This temple is more than 200 years old. It was built by Seth Radha Kishanjun Shah out of his one-day earnings from the cotton trade in 1782 A.D. (V.S. 1839). The principal deity of Pateria is Lord Parsvanath (The 23rd Teerthankar). This idol is two metres in height in Padmasana posture built with back stone with three serpent hoods. The spire of this temple is 27 metres high surrounded by a thick wall.
- Shri Dig. Jain Chaudhari Mandir

This temple was built in 1891(V.S. 1948), has an eighteen metre high spire. It consists 63 idols, moolnayak of this temple is an idol of Lord Parsvanath with its 1,000 serpent hoods.

- Shri. Dig. Jain Mahaveer Jinalay

Built in 2015, this Jain temple in town Garhakota is one of the best Jain temples in whole Sagar district. In December 2015, a world-renowned Panchkalyanak ceremony marked the temple's inauguration. A celebration that hadn't taken place in Garhakota for 250 years. This occasion further solidified the temple's status as a beacon of Jainism.

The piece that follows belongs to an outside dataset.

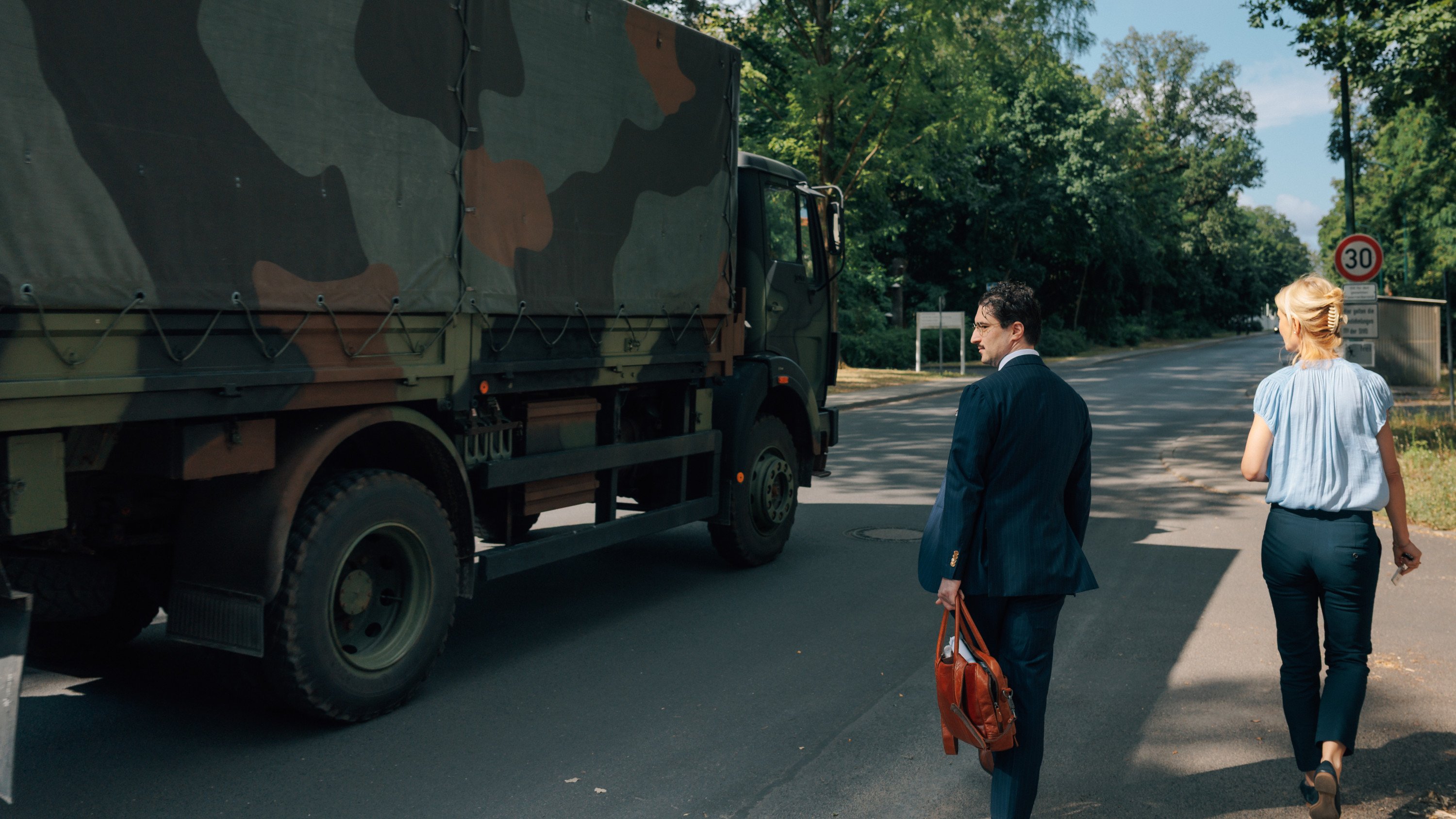 - Alt-Text: Patrick Pehl in der Julius-Leber-Kaserne, links fährt ein militärischer Lastwagen.

The Mulnayak, the principal deity enshrined within, is none other than Lord Mahaveer, the 24th and final Tirthankar of this era in Jainism. His presence here adds spiritual resonance to the temple, drawing pilgrims and devotees from far and wide.

The grandeur of this temple owes much to the blessings of Puja Gurudev Shree Kanji Swami, whose spiritual guidance has led to the creation of an infrastructure that sets a benchmark for other temples throughout Sagar district. The Shri Dig Jain Mahaveer Jinalay is a place of solace, devotion, and architectural splendor, offering a profound spiritual experience to all who visit.

- Garhakota Fort
Garhakota Fort has the rivers Sunar and Gadhairi on its two sides. It covers 11 acres. This fort was the residence of the Rajput Kings of Garhakota. During the first freedom struggle of India in 1857, Rani of Jhansi Lakshmi Bai wrote a letter to Raja Mardan Singh Bahadur of Garhakota to prepare against the British troops and to stop them at Sagar. Mardan Singh and Gunthai Pateriya were killed in the battle. The fort was raided and demolished by Sir Hugh Rose in 1858 in the course of Ghadar.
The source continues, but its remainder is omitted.